DATA EXCERPT Block Start

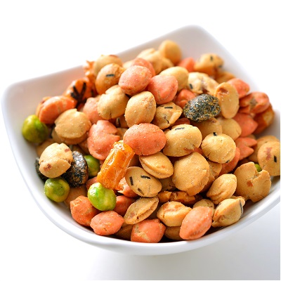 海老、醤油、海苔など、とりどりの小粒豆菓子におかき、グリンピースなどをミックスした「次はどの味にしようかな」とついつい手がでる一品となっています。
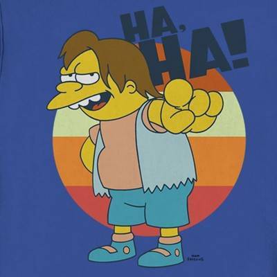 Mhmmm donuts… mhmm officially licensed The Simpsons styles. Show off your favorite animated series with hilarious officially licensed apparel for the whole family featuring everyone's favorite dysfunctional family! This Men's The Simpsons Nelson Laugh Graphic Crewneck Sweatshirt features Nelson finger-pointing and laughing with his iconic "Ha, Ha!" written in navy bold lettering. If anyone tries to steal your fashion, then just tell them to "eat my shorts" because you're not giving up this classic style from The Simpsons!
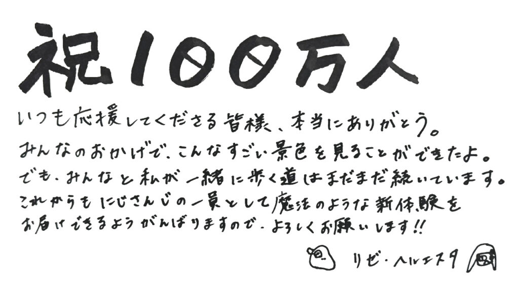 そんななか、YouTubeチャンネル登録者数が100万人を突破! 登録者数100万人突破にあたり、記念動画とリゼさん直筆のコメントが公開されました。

DATA EXCERPT Block End

*ABOUT THIS TASK:* Transcribe the listing exactly, skipping pictures.

*COMPLETED EXERCISE:*
 海老、醤油、海苔など、とりどりの小粒豆菓子におかき、グリンピースなどをミックスした「次はどの味にしようかな」とついつい手がでる一品となっています。
 Mhmmm donuts… mhmm officially licensed The Simpsons styles. Show off your favorite animated series with hilarious officially licensed apparel for the whole family featuring everyone's favorite dysfunctional family! This Men's The Simpsons Nelson Laugh Graphic Crewneck Sweatshirt features Nelson finger-pointing and laughing with his iconic "Ha, Ha!" written in navy bold lettering. If anyone tries to steal your fashion, then just tell them to "eat my shorts" because you're not giving up this classic style from The Simpsons!
 そんななか、YouTubeチャンネル登録者数が100万人を突破! 登録者数100万人突破にあたり、記念動画とリゼさん直筆のコメントが公開されました。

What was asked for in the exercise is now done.